Chen J R, Tseng G F
Department of Anatomy, College of Medicine, National Taiwan University, Taipei.
Neuroscience. 1997 Jul;79(2):449-62. doi: 10.1016/s0306-4522(96)00704-x.
Membrane properties and inhibitory synaptic connections of normal and axotomized rat rubrospinal neurons were examined using a coronal slice preparation. Rubrospinal neurons were axotomized at the C2 vertebral level in vivo. Retrograde labelling in vivo and intracellular biocytin injection following recording were combined to identify recorded axotomized rubrospinal neurons. Their input resistances decreased three and four days and became higher than normal four and 10 weeks following lesioning which coincided with a sequential increase and decrease of their soma area. On the other hand, although their membrane time-constant was reduced three and four days following lesioning, it returned to normal value four and 10 weeks following axotomy. Other than these, their membrane current-voltage relationship including an inward rectification in the hyperpolarizing direction was not altered. Normal rubrospinal neurons generated very fast spikes which were not affected by axotomy. Both normal and axotomized cells generated trains of repetitive spikes with a fast spike frequency adaptation at the beginning upon suprathreshold current injection. However, the slope of the steady-state spike frequency and applied current relationship was increased four and 10 weeks following axotomy which also showed an increased steady-state spike frequency in response to high-amplitude current injection. Synaptically, the amplitude and duration of the monosynaptic inhibitory potential evoked from nearby reticular formation were reduced following axotomy. In addition, fewer rubrospinal neurons were found to receive this inhibition 10 weeks following axotomy. Thus, our results show that spinal axotomy induces a time-dependent modification of the membrane properties and spike generating behaviour of rubrospinal neurons which probably represents an initial decrease and a later increase of their excitability. This is accompanied by a persistent decrease of synaptic inhibition which is expected to affect structures that remained innervated by the undamaged axon collaterals of these spinally axotomized neurons.

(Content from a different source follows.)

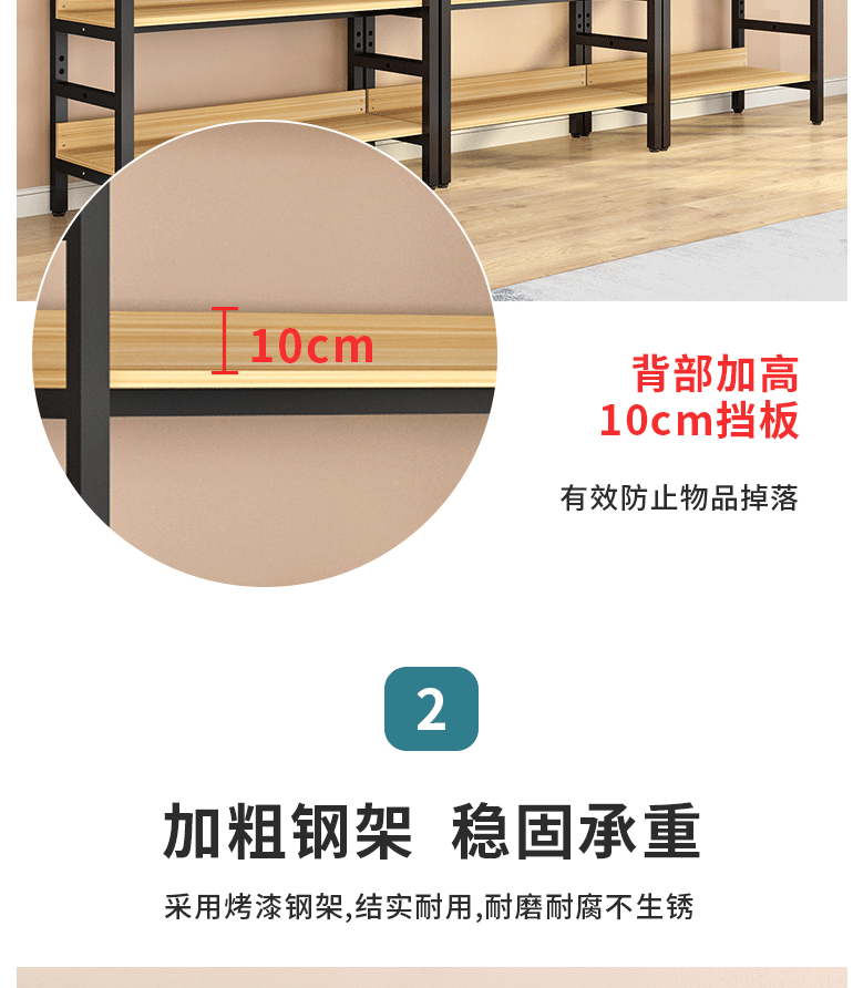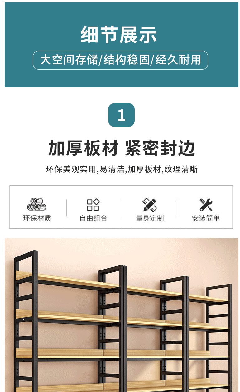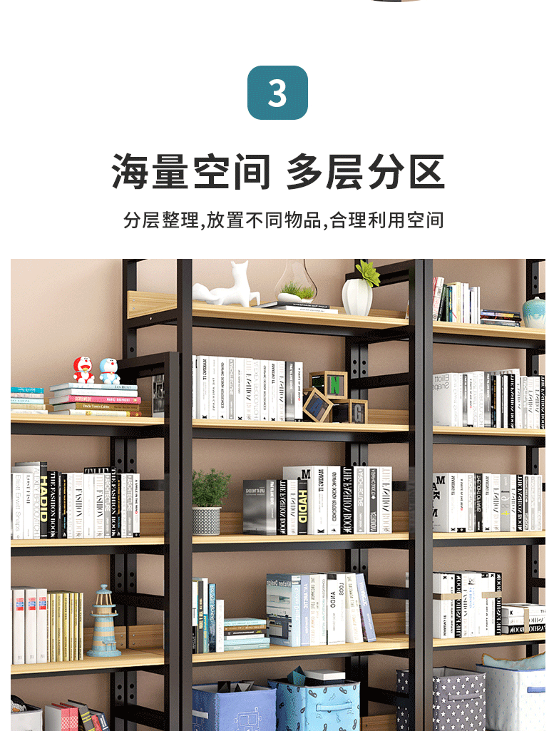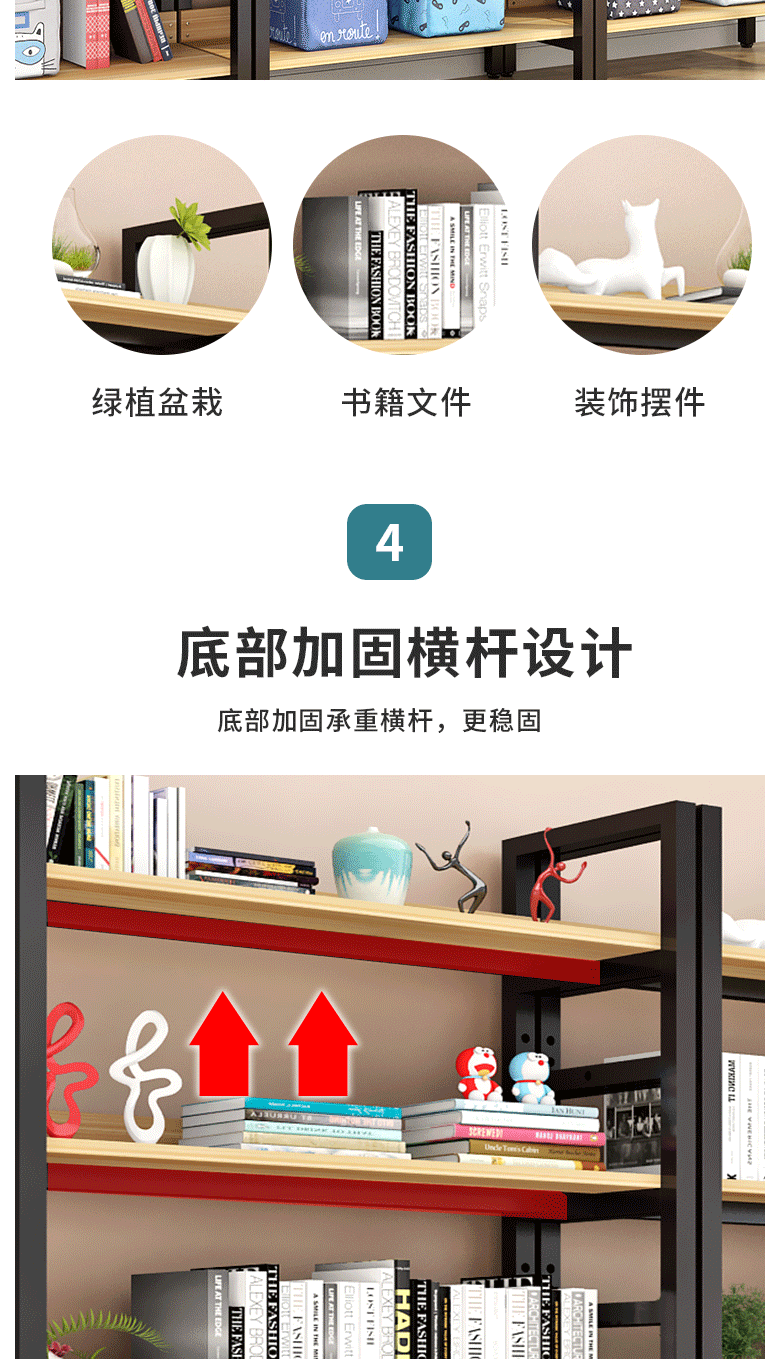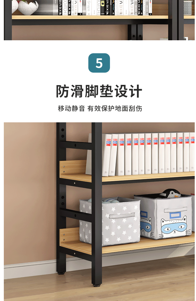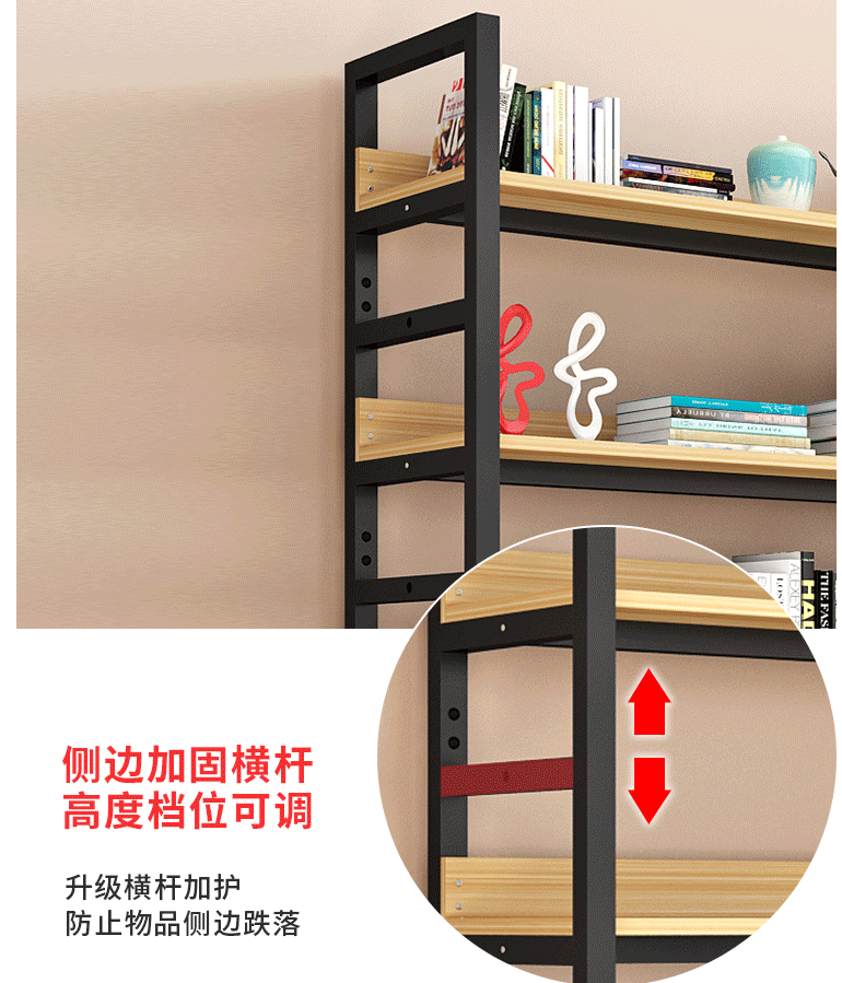 商品名称:萌熙迪 落地书架 多层可调节 铁艺置物架 白架+浅胡桃 可调节六层长80宽30高212

采用冠状切片标本,研究了正常和轴突切断大鼠红核脊髓神经元的膜特性及抑制性突触连接。在体内C2椎体水平切断红核脊髓神经元的轴突。结合体内逆行标记和记录后细胞内生物素注射,以识别记录的轴突切断的红核脊髓神经元。损伤后3天和4天,它们的输入电阻降低,损伤后4周和10周高于正常水平,这与它们的胞体面积的相继增加和减少相一致。另一方面,虽然损伤后3天和4天它们的膜时间常数降低,但轴突切断后4周和10周又恢复到正常值。除此之外,它们的膜电流-电压关系,包括超极化方向的内向整流,没有改变。正常的红核脊髓神经元产生非常快速的动作电位,不受轴突切断的影响。正常和轴突切断的细胞在阈上电流注入开始时都产生一连串重复的动作电位,且动作电位频率快速适应。然而,轴突切断后4周和10周,稳态动作电位频率与施加电流关系的斜率增加,这也表明在高幅度电流注入时稳态动作电位频率增加。在突触方面,轴突切断后,从附近网状结构诱发的单突触抑制电位的幅度和持续时间减小。此外,轴突切断后10周,发现接受这种抑制的红核脊髓神经元较少。因此,我们的结果表明,脊髓轴突切断诱导红核脊髓神经元膜特性和动作电位产生行为的时间依赖性改变,这可能代表其兴奋性最初降低和随后升高。这伴随着突触抑制的持续降低,预计会影响这些脊髓轴突切断神经元未受损轴突侧支仍支配的结构。